Exercise material below:
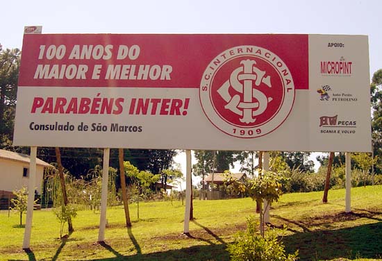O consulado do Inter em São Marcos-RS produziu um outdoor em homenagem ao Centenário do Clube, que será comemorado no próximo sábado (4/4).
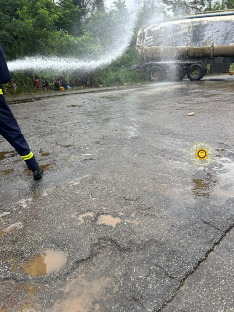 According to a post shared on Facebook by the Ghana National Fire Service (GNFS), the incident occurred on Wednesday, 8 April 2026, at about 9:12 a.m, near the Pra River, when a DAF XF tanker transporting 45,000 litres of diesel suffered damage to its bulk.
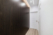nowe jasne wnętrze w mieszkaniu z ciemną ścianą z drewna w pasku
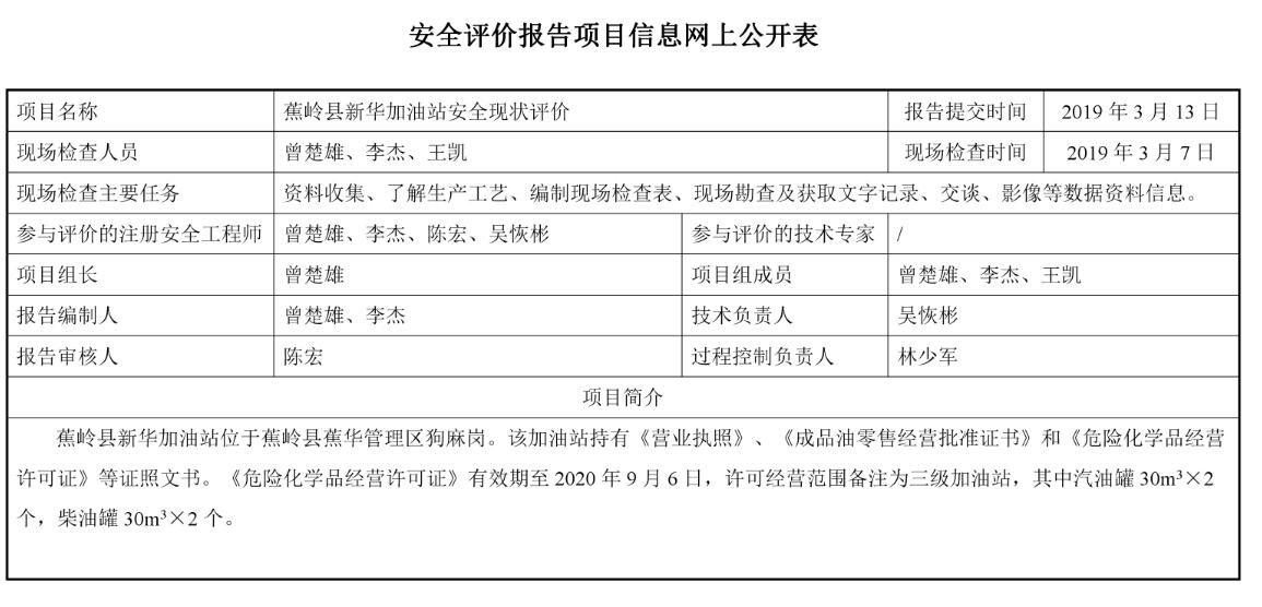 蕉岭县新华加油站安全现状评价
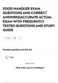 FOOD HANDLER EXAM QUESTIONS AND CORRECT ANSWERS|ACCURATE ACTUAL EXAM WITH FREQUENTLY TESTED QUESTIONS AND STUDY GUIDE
End of Exercise material.
--- Directions for this task ---
A verbatim copy of all the records, minus the pictures, is the expected answer.

--- Solution to this task ---
O consulado do Inter em São Marcos-RS produziu um outdoor em homenagem ao Centenário do Clube, que será comemorado no próximo sábado (4/4).
 According to a post shared on Facebook by the Ghana National Fire Service (GNFS), the incident occurred on Wednesday, 8 April 2026, at about 9:12 a.m, near the Pra River, when a DAF XF tanker transporting 45,000 litres of diesel suffered damage to its bulk.
nowe jasne wnętrze w mieszkaniu z ciemną ścianą z drewna w pasku
 蕉岭县新华加油站安全现状评价
 FOOD HANDLER EXAM QUESTIONS AND CORRECT ANSWERS|ACCURATE ACTUAL EXAM WITH FREQUENTLY TESTED QUESTIONS AND STUDY GUIDE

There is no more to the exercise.